仲田大人「IUP(初期後期旧石器石器群)をめぐる研究の現状」

 本論文は、文部科学省科学研究費補助金(新学術領域研究)2016-2020年度「パレオアジア文化史学」(領域番号1802)計画研究A02「ホモ・サピエンスのアジア定着期における行動様式の解明」の2018年度研究報告書(PaleoAsia Project Series 20)に所収されています。公式サイトにて本論文をPDFファイルで読めます(P125-132)。この他にも興味深そうな報告があるので、今後読んでいくつもりです。本論文は、初期後期旧石器(上部旧石器)群(Initial Upper Paleolithic、以下IUP)の研究の現状を整理しています。本論文はまず、広い意味でのIUPの特徴を整理しています。

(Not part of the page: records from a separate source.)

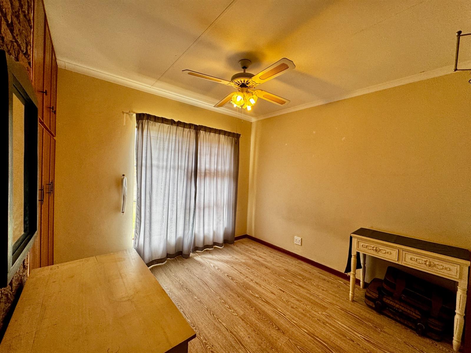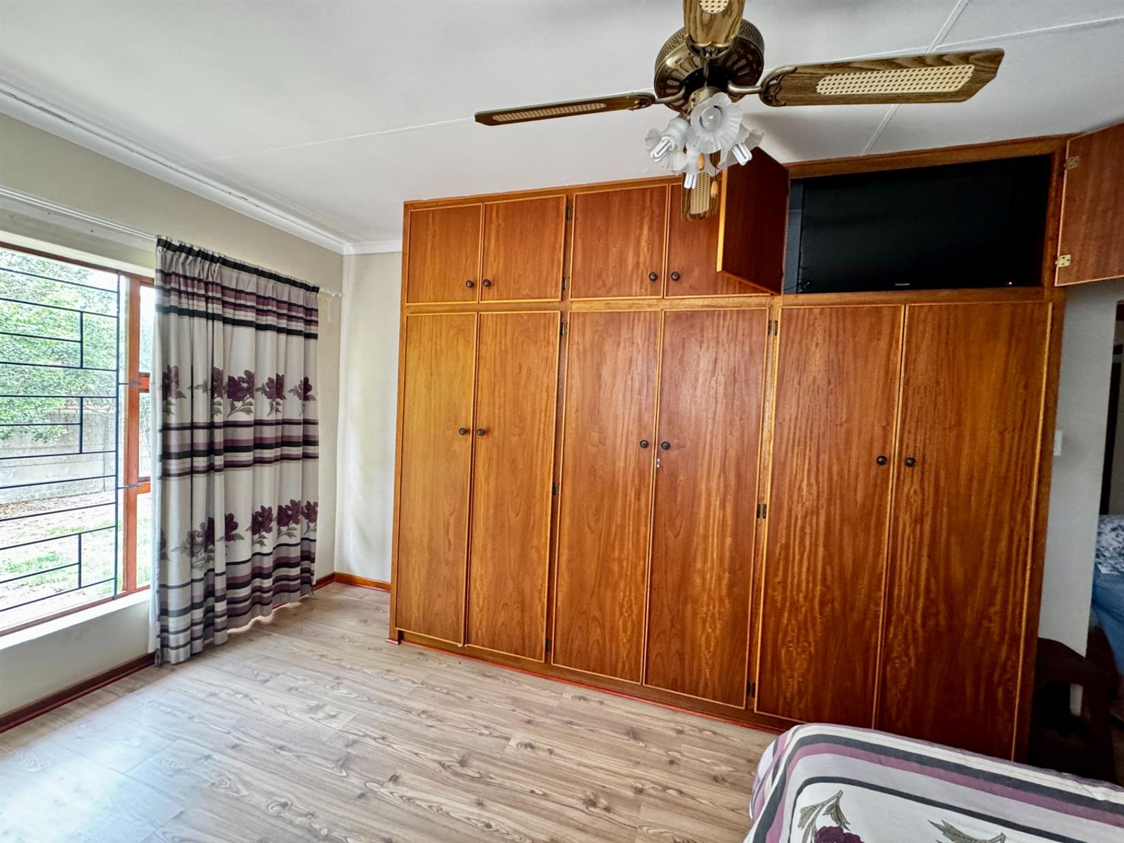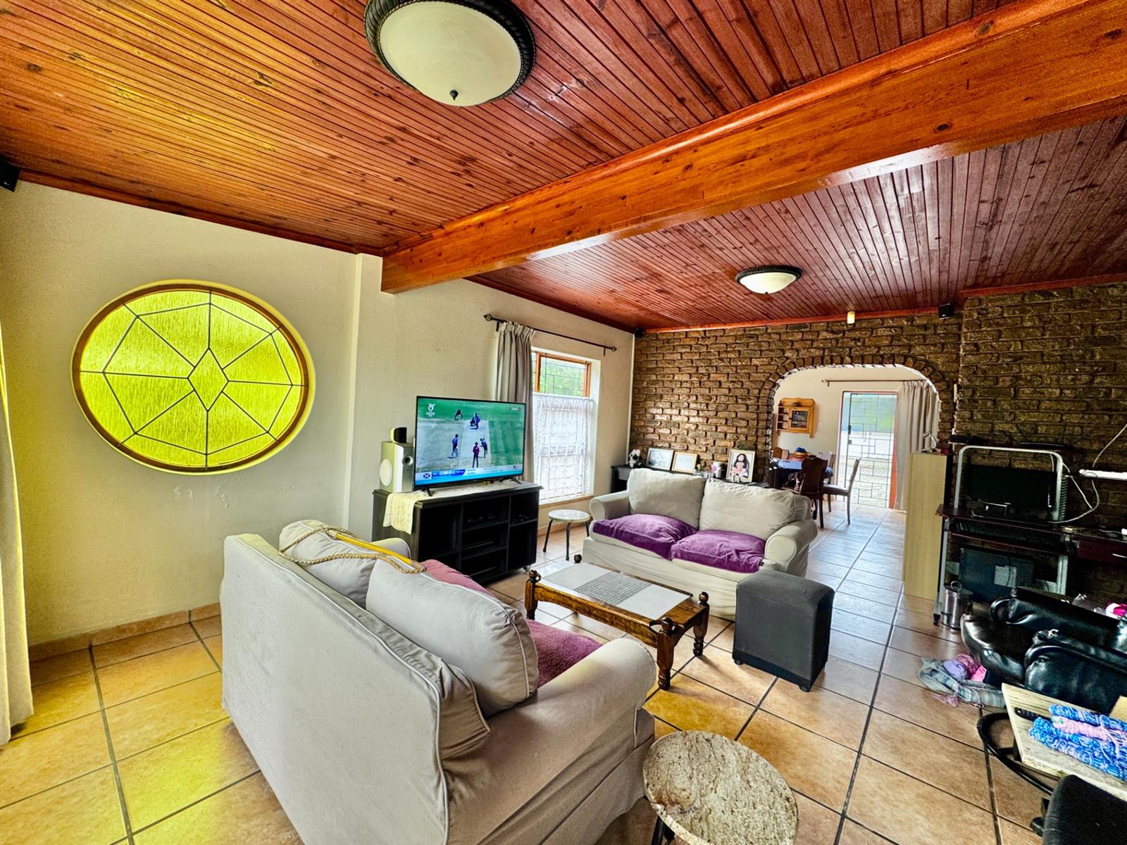 An open-plan kitchen, dining area, and family room create an easy flow for everyday living. The enclosed braai room, fitted with a built-in braai and cupboards, is ideal for entertaining throughout the year.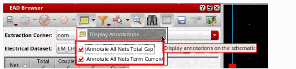 By default, the display of annotations on the schematic is enabled. Select a net in the EAD Browser and use the commands shown below to view annotations.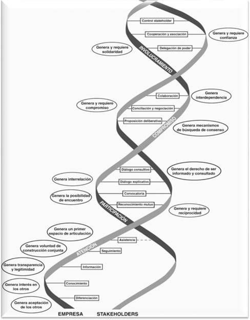 En función de la esencia de los vínculos que se generan entre las empresas y sus stakeholders, para su representación gráfica se adopta una imagen que además de mostrar la concatenación de las fases, proporciona la idea de que cada etapa representa una profundización de los vínculos, un continuo entrecruzamiento entre los diferentes actores que participan de la relación. La elección de una figura basada en la gráfica del ADN no es casual pues así como este al contener la codificación de las proteínas, y siendo que estas al ser diferentes para cada especie producen que cada una tenga su propia codificación, de manera similar cada empresa tendrá su propia sucesión de pasos para llegar a la participación, compromiso e involucramiento de sus stakeholders, y esa sucesión de pasos será diferente a la de otras empresas. La versión gráfica puede verse en la figura 4.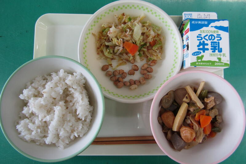 5月15日(木) 本日の給食は、麦ご飯、筑前煮、おかか和え、黒糖大豆、牛乳でした。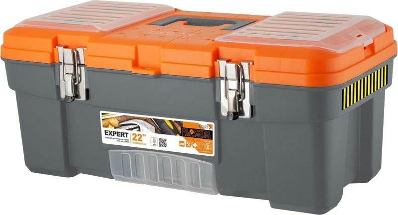Ящик для инструментов с метал. замками Blocker Expert 22", цвет серо-свинцовый/оранжевый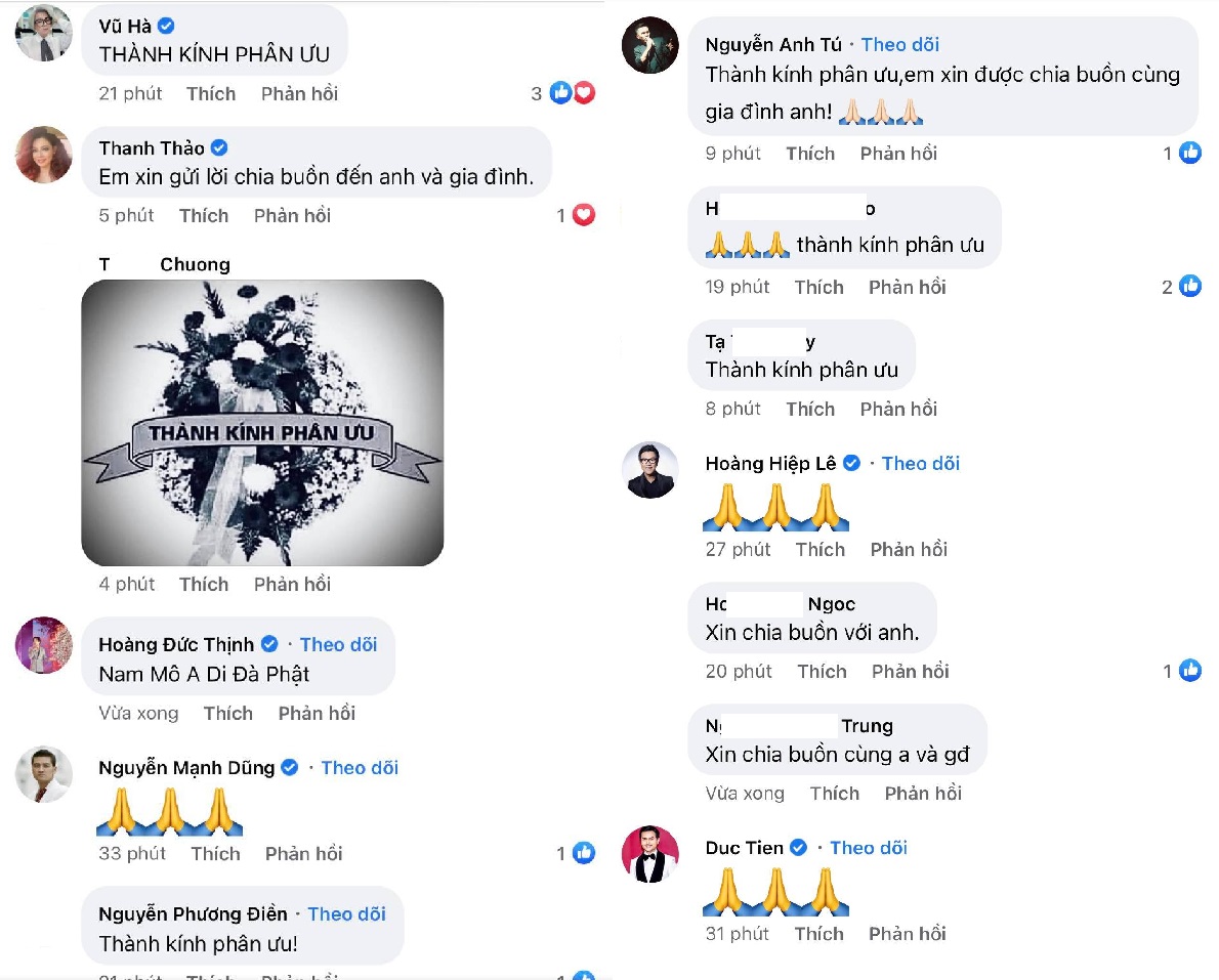 Khán giả đồng loạt chia buồn: "Cầu cho linh hồn người đã mất được siêu thoát", "Mong anh và gia đình sớm vượt qua nỗi mất mát này", "Chỉ biết nói lời chia buồn với anh", "Anh và gia đình đừng quá đau buồn nhé",...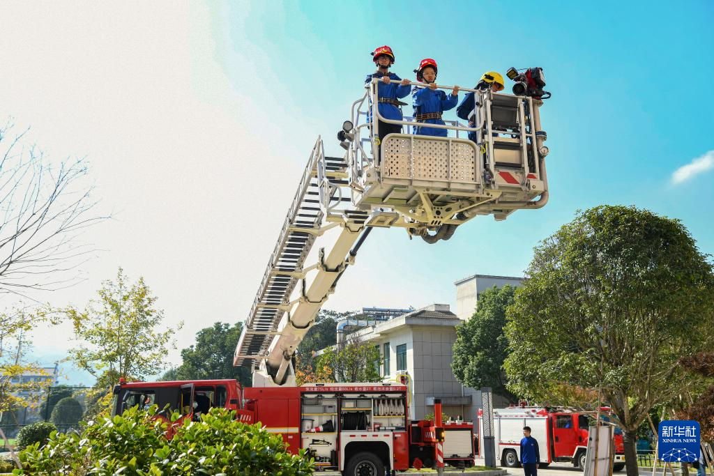 11月8日,浙江省金华市仙源湖实验学校,消防员带着学生体验登高车平台。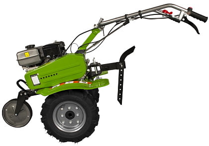 Конструкция мотокультиватора продумана до мелочей: он имеет сбалансированный корпус и эргономичную рукоятку, что делает управление комфортным даже при длительной эксплуатации. Благодаря наличию опорного колеса перемещение мотокультиватора стало максимально простым и не требует больших усилий.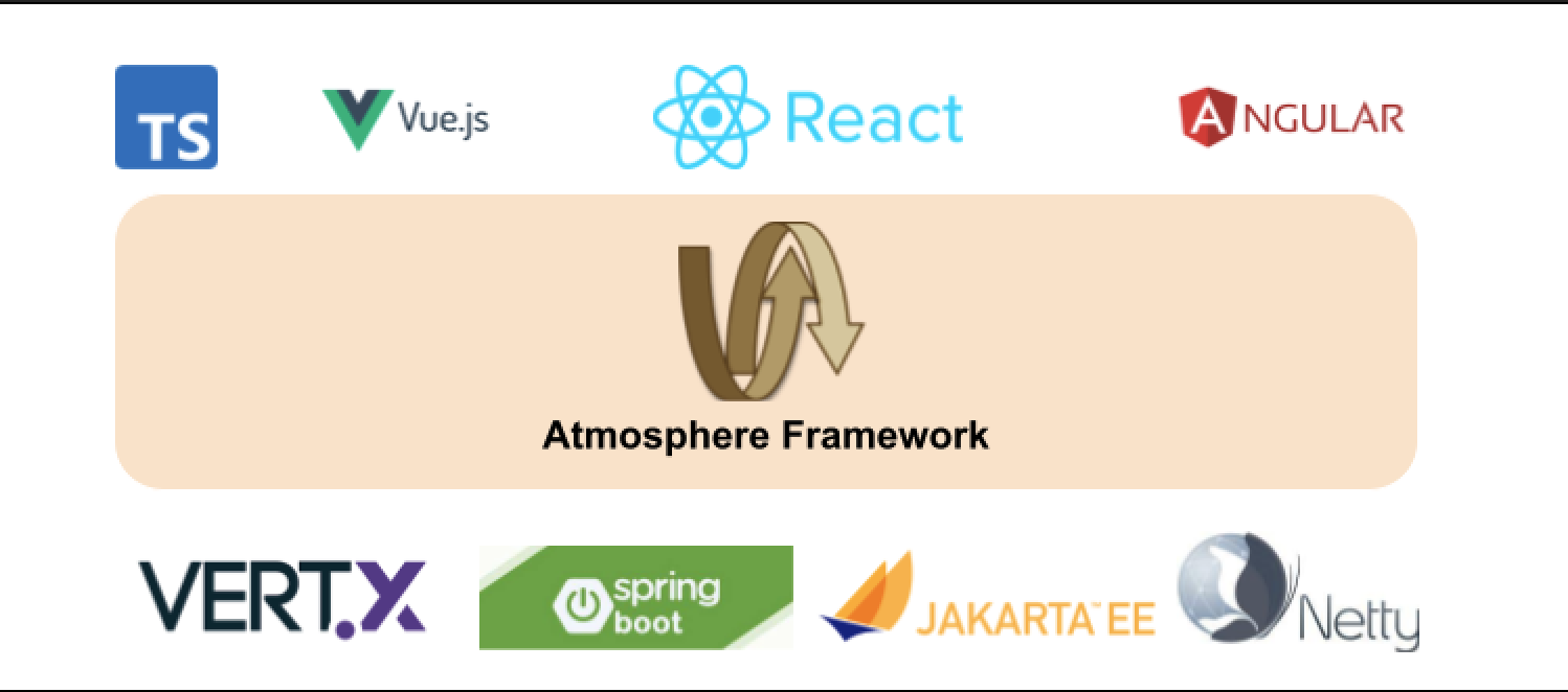 Atmosphere transparently supports WebSockets, Server Sent Events (SSE), Long-Polling, HTTP Streaming (Forever frame) and JSONP.The Atmosphere Framework Stack consists of: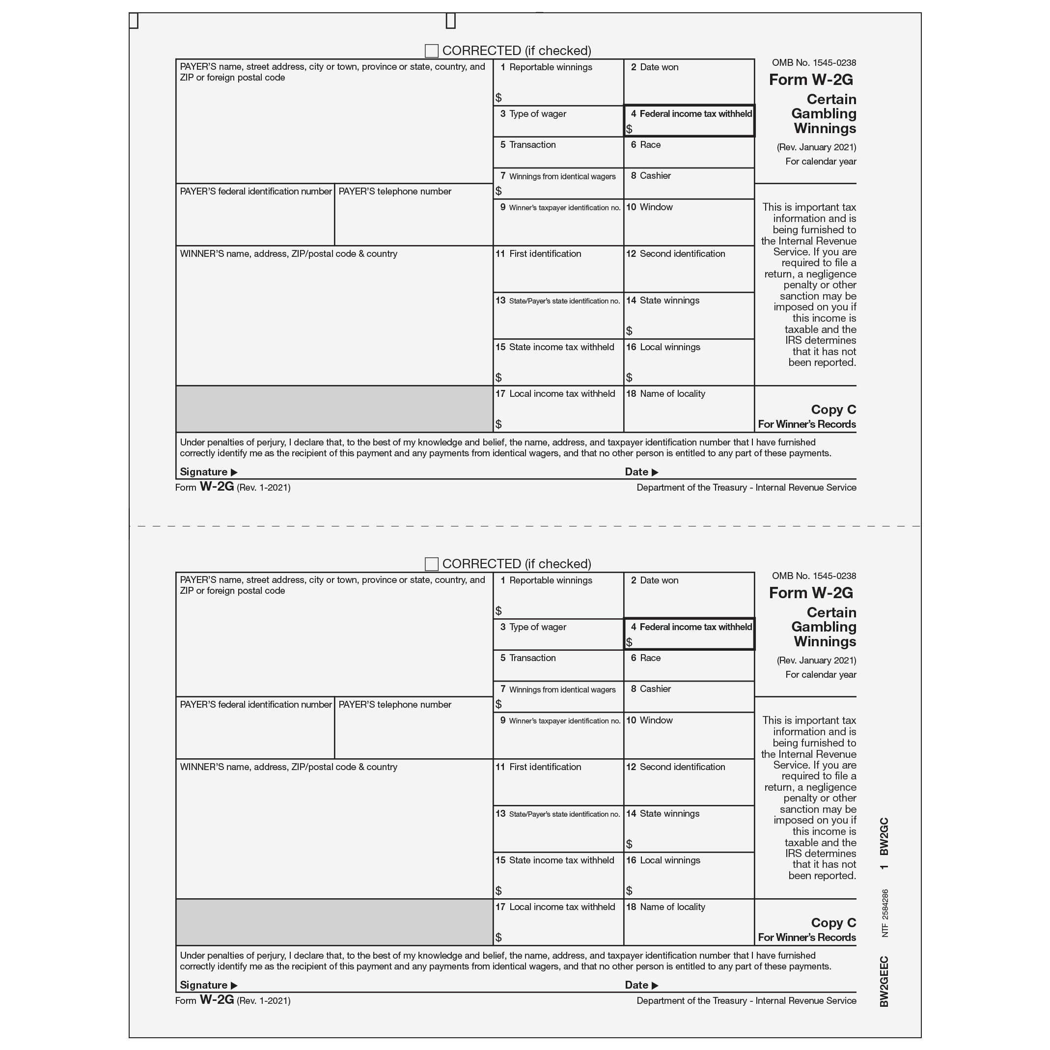 Form W-2G - Wage & Tax Statement. Use Form W-2G Copy C to print certain gambling winnings for the employee's records. W-2 forms are preprinted with black ink, 2-up on a sheet with no side perforation. Prints 2 employees per page. Split and collate and insert in compatible envelopes. Order by number of forms, not sheets.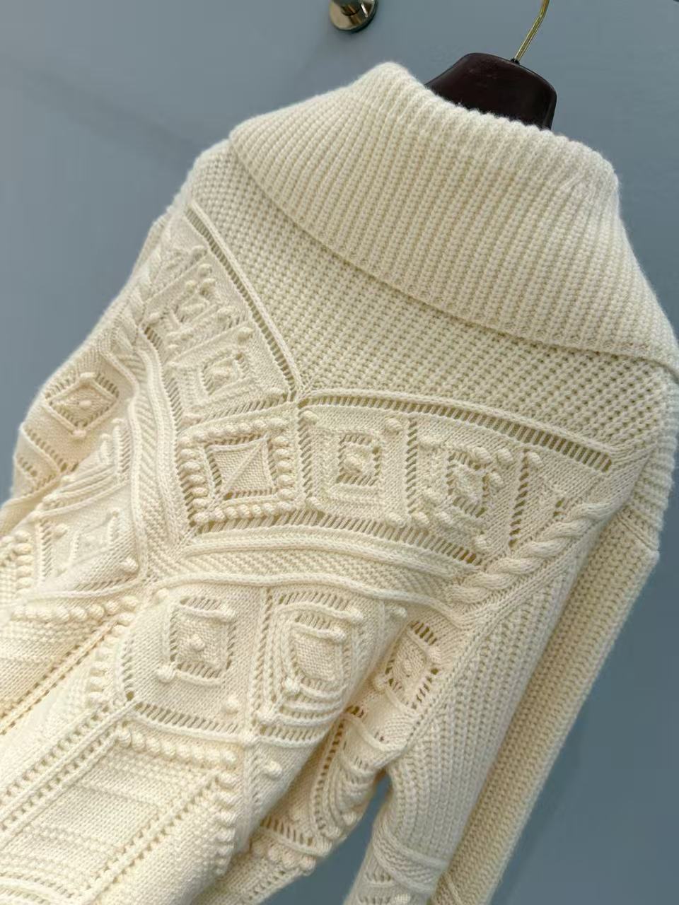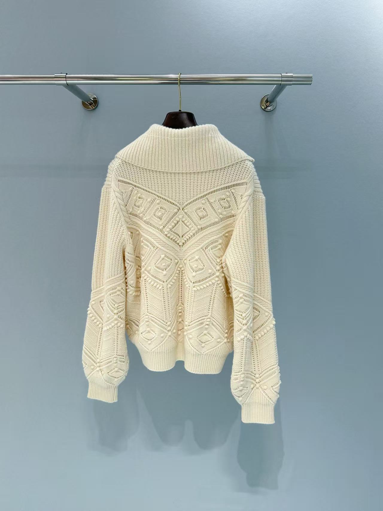 衣身滿版的菱形格紋搭配立體毛球肌理,遠看低調近看超有質感,每一顆毛球都是手工定位,摸得到那種精緻的立體感,比一般針織衫更有辨識度。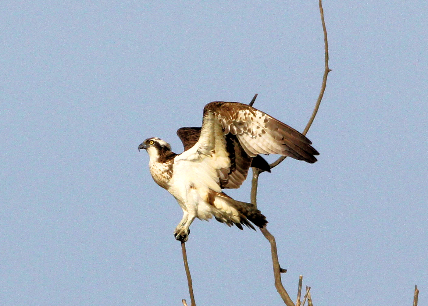 Dès le 15, il tournait sans arrêt dans le secteur, passant et repassant près de l’aire ; et se présentait de plus en plus sur l’aire elle-même, souvent avec un reste de poisson. Ce qui provoquait à chaque fois les cris de protestation de la femelle, voire sa « mise en défense »…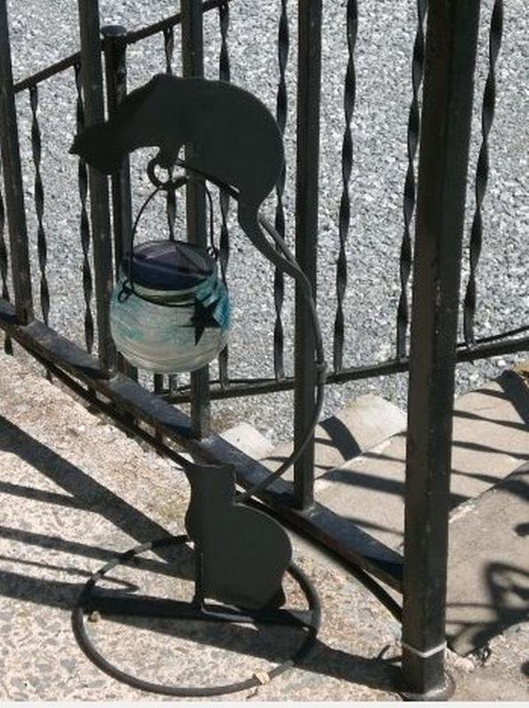 This heavy metal stand has the 2 key subjects that are Cat and Hanger. The stand is adorned with a cat on the top and a cat on the bottom of the stand. The top of the stand is the hanger for the blue tinted mason jar with solar lid. At night the jar emits a soft, blue light. My personal word is "Jar."

 IUPの定義およびその特徴は石刃製法です。もっとも広い意味での特徴は、硬質ハンマーによる打法、打面調整、固定された平坦な作業面もしくは半周作業面を半周させて石刃を打ち割ることです。平坦作業面をもつ石核はルヴァロワ(Levallois)式のそれに類似しています。ただ、上部旧石器時代の立方体(容積的な)石核との関連が見られることは異なります。また、石核小口面から小石刃を製作する彫器状石核を伴うこともあります。IUPは地中海東部においては、後期ムステリアン(Mousterian)の上層で前期オーリナシアン(Aurignacian)の下層に位置します。ヨーロッパ中部では中部旧石器時代後半と前期オーリナシアンの中間層に位置し、継続していくことはありません。シベリア・アルタイ地域ではムステリアンと上部旧石器時代前半(EUP)の間に位置づけられます。モンゴル北部では、IUPはプリズム式石刃技術を用いたEUPアセンブリッジに継続します。華北やモンゴル南部ではIUPの前後に石核・剝片石器群が残されます。較正年代では50000~35000年前頃の間に見られます。1ヶ所の遺跡において複数の年代値が得られている場合でも、最大で10000年の開きもあります。IUPには中部旧石器および上部旧石器に見られる石器型式が伴います。IUPに独特な二次加工石器はとくにレヴァント地域で発達しました。エミレー式尖頭器や基部を両面加工したルヴァロワ式尖頭器、平坦横打刻面をもつシャンフランです。また彫器状石核は、シベリアのアルタイ地域やモンゴルやトランスバイカル地域で組成されくます。IUPの石刃技術は多様で、特徴的なのは単方向または両方向の石刃石核です。アジア南西部ではこれらは時間的に連続し、後者がやや早くから現れます。非ルヴァロワ式のプリズム型石核や半周縁型石核の製作も石器群間で異なります。レヴァントのIUPにはビーズや骨角器やその他の「典型的」な上部旧石器的遺物があります。装飾品や骨角器は、トルコ・ブルガリア・シベリア・モンゴルの遺跡から報告されています。しかし、多くの遺跡ではそうした遺物を欠いています。ビーズと骨角器の有無ついては、保存状態によるものか、場所の機能か、または文化的実践の違いによるものかどうか、不明です。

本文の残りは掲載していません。